MATERIAL FOR THIS TASK:
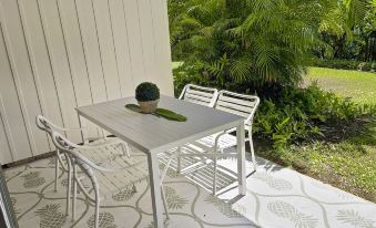 Inside the condo you will find all the comforts of home and more. Large couches for lounging, comfortable outdoor furniture for an evening dinner with a garden view on the lanai, and a brand new king size bed to rest you for the next day of fun.
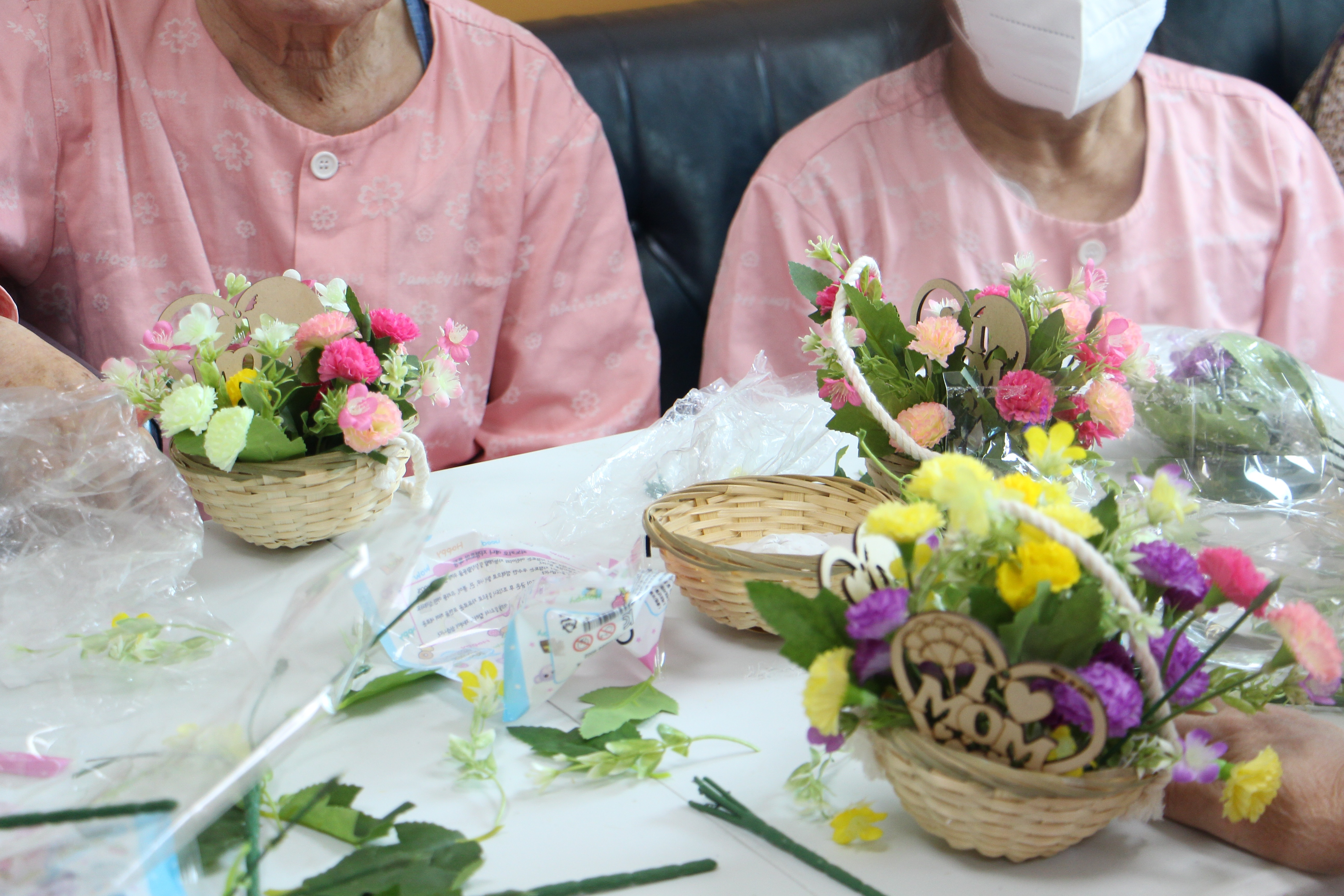 ‘아름다운 꽃바구니’ 지난 11일(목)에는 건강대학교 수업이 시작하기 전부터 오늘은 어떤 걸 만드는지 궁금해 하시며 병동 로비로 한 분 두 분씩 모이기 시작하였다. 꽃바구니를 만든다고 말씀드리니 관심을 가지고 수업에 참여하기 위해 모두 자리에 착석 해주셨다. 한 어머니는 처음 해보는 것이라 잘 할 수 있을지 싶다며 걱정의마음으로 시작하셨지만, 알록달록한 조화 꽃을 보시고 더욱 흥미를 가지고 예쁘게 만드셨다. 모두가 꽃바구니에 지점토로 흙처럼 바닥을 깔고, 원하는 색의 꽃을 선택하여 꽃바구니를 만들기 시작하였다. 서로가 서로의 완성된 작품을 보고 칭찬도 하고, 한 어머니는 아들이 면회 올 때 엄마가 처음으로 꽃꽂이도 해봤다고 자랑하고 싶다며 기대에 부푼 모습도 볼 수 있었다.
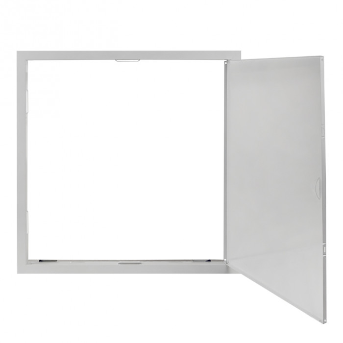 На дверце предусмотрен паз для удобного открывания люка. Закрытие дверцы производится путем фиксации ''шип - паз''. Габаритный размер, указанный в наименовании - это габарит внутренней части люка, монтируемой в нишу.
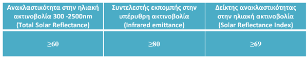 Για να ενταχθεί ένα υλικό στην κατηγορία των μεμβρανών στα πλαίσια της παρέμβασης των ψυχρών υλικών θα πρέπει να πληροί τις ακόλουθες προϋποθέσεις όσον αφορά την ανακλαστικότητα στην ηλιακή ακτινοβολία και το συντελεστή εκπομπής:
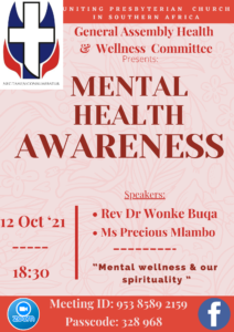 The UPCSA General Assembly Health and Wellness Committee (HWC) recognizes October 2021, Mental Health Awareness month, by hosting a webinar to bring to the fore the reality and impact of mental health on our general well-being.
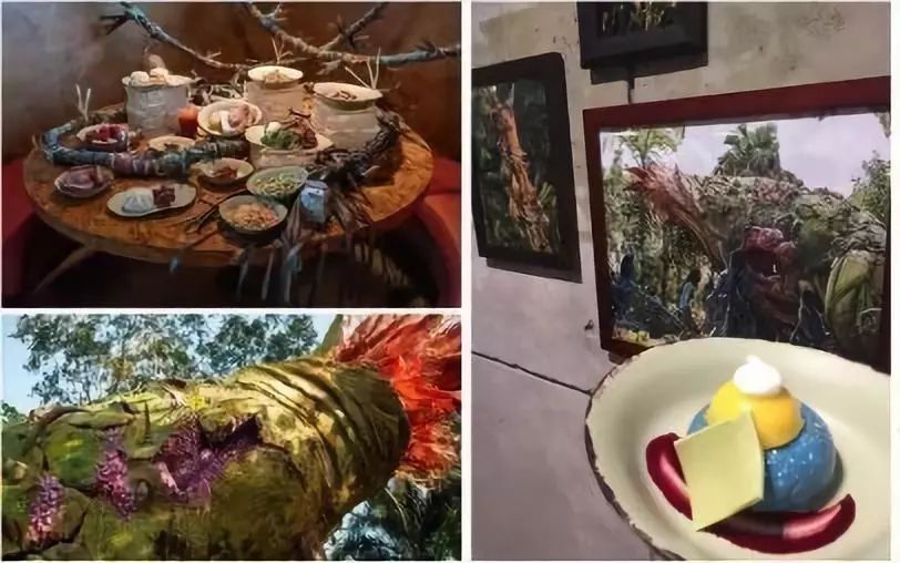 ③另外一點(diǎn),主題氛圍的打造要集合更多的內(nèi)容,紀(jì)念品商店中的商品,餐廳中的美食,雖然不屬于主題包裝范疇內(nèi),但都可以提升樂園的主題氛圍。阿凡達(dá)世界中的餐廳甜點(diǎn)與飲品,第一時(shí)間就讓人聯(lián)想到電影中的潘多拉星殖民地農(nóng)場(chǎng)中生產(chǎn)的外星水果,不自覺的回到場(chǎng)景中去。
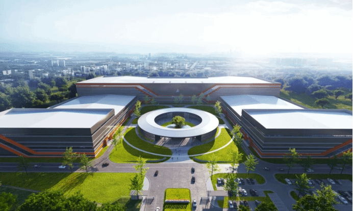 在手艺难度极高的长治高新区锂电工业园制造基地项目,,,,挑战亘古未有:近40米高的单层厂房、38米的大跨度钢结构、3000平方米的圆形曲面玻璃幕墙……古板施工要领难免左支右绌。。。。
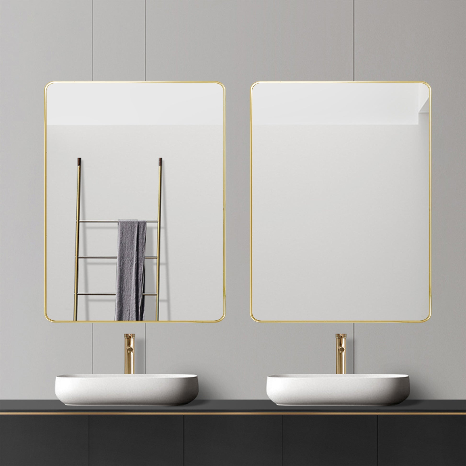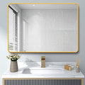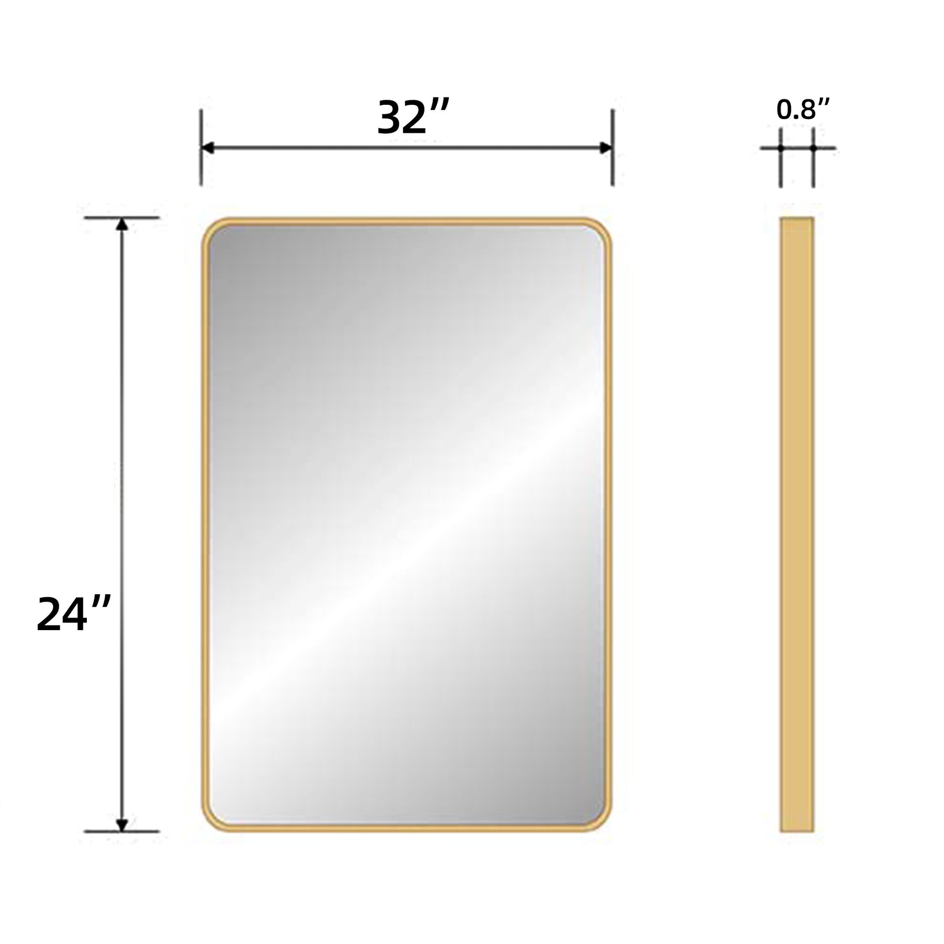 32 X 24 Inch Gold Bathroom Mirror For Wall Vanity Mirror With Non Rusting Aluminum Alloy Metal Frame Rounded Corner For Modern Farmhouse Home Decor Gold Modern Aluminium

TASK DIRECTIONS:
Each record above, in full: return it exactly, pictures excluded.

SOLUTION TO THIS TASK:
 Inside the condo you will find all the comforts of home and more. Large couches for lounging, comfortable outdoor furniture for an evening dinner with a garden view on the lanai, and a brand new king size bed to rest you for the next day of fun.
 ‘아름다운 꽃바구니’ 지난 11일(목)에는 건강대학교 수업이 시작하기 전부터 오늘은 어떤 걸 만드는지 궁금해 하시며 병동 로비로 한 분 두 분씩 모이기 시작하였다. 꽃바구니를 만든다고 말씀드리니 관심을 가지고 수업에 참여하기 위해 모두 자리에 착석 해주셨다. 한 어머니는 처음 해보는 것이라 잘 할 수 있을지 싶다며 걱정의마음으로 시작하셨지만, 알록달록한 조화 꽃을 보시고 더욱 흥미를 가지고 예쁘게 만드셨다. 모두가 꽃바구니에 지점토로 흙처럼 바닥을 깔고, 원하는 색의 꽃을 선택하여 꽃바구니를 만들기 시작하였다. 서로가 서로의 완성된 작품을 보고 칭찬도 하고, 한 어머니는 아들이 면회 올 때 엄마가 처음으로 꽃꽂이도 해봤다고 자랑하고 싶다며 기대에 부푼 모습도 볼 수 있었다.
 На дверце предусмотрен паз для удобного открывания люка. Закрытие дверцы производится путем фиксации ''шип - паз''. Габаритный размер, указанный в наименовании - это габарит внутренней части люка, монтируемой в нишу.
 Για να ενταχθεί ένα υλικό στην κατηγορία των μεμβρανών στα πλαίσια της παρέμβασης των ψυχρών υλικών θα πρέπει να πληροί τις ακόλουθες προϋποθέσεις όσον αφορά την ανακλαστικότητα στην ηλιακή ακτινοβολία και το συντελεστή εκπομπής:
 The UPCSA General Assembly Health and Wellness Committee (HWC) recognizes October 2021, Mental Health Awareness month, by hosting a webinar to bring to the fore the reality and impact of mental health on our general well-being.
 ③另外一點(diǎn),主題氛圍的打造要集合更多的內(nèi)容,紀(jì)念品商店中的商品,餐廳中的美食,雖然不屬于主題包裝范疇內(nèi),但都可以提升樂園的主題氛圍。阿凡達(dá)世界中的餐廳甜點(diǎn)與飲品,第一時(shí)間就讓人聯(lián)想到電影中的潘多拉星殖民地農(nóng)場(chǎng)中生產(chǎn)的外星水果,不自覺的回到場(chǎng)景中去。
 在手艺难度极高的长治高新区锂电工业园制造基地项目,,,,挑战亘古未有:近40米高的单层厂房、38米的大跨度钢结构、3000平方米的圆形曲面玻璃幕墙……古板施工要领难免左支右绌。。。。
 32 X 24 Inch Gold Bathroom Mirror For Wall Vanity Mirror With Non Rusting Aluminum Alloy Metal Frame Rounded Corner For Modern Farmhouse Home Decor Gold Modern Aluminium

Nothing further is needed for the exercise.